Give back every line of the material exactly. Skip the pictures.

[[ Dataset excerpt open ]]

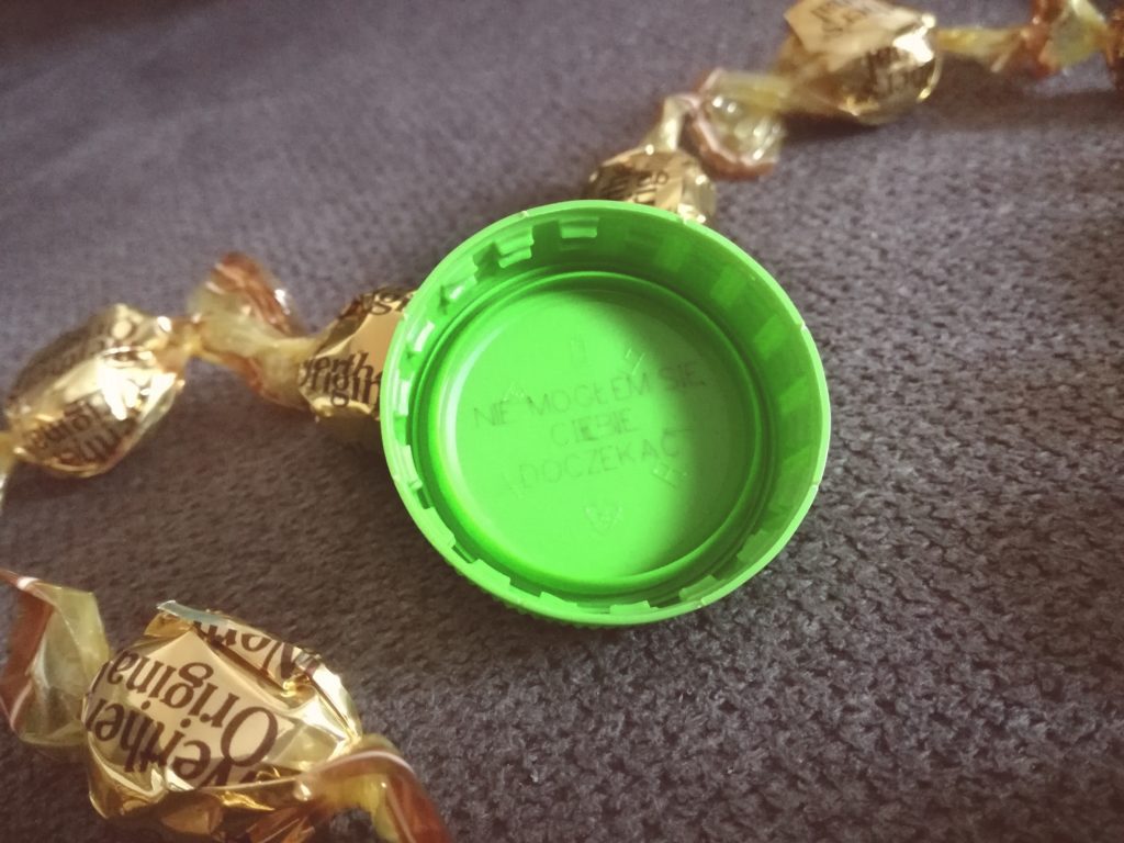 A jak moja rodzinka przywitała mnie po powrocie do domku z nowo narodzonym członkiem rodzinki Nikosiem? Otóż na kanapie było ułożone serducho z cukierków, w środku napis na nakrętce od Tymbarka. Tymbark prawdę ci powie< 3
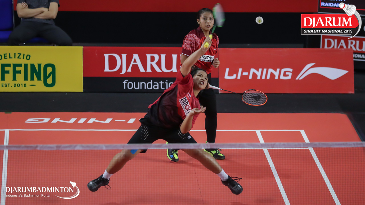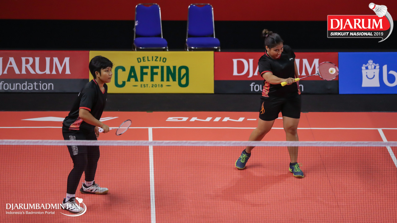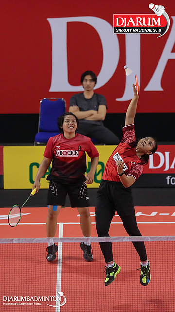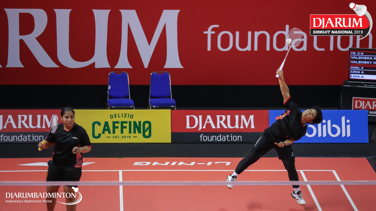 Arin Apriyanti +Lisa Anjeli (Wima, Sby) mengembalikan shuttlecock
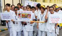 Nursing students partake in awareness rally on World Anti Tobacco Day at Kidwai Hospital, in Bengaluru on Sunday 31st May 2015

[[ Dataset excerpt closed ]]

• Answer to the exercise:
 A jak moja rodzinka przywitała mnie po powrocie do domku z nowo narodzonym członkiem rodzinki Nikosiem? Otóż na kanapie było ułożone serducho z cukierków, w środku napis na nakrętce od Tymbarka. Tymbark prawdę ci powie< 3
 Arin Apriyanti +Lisa Anjeli (Wima, Sby) mengembalikan shuttlecock
 Nursing students partake in awareness rally on World Anti Tobacco Day at Kidwai Hospital, in Bengaluru on Sunday 31st May 2015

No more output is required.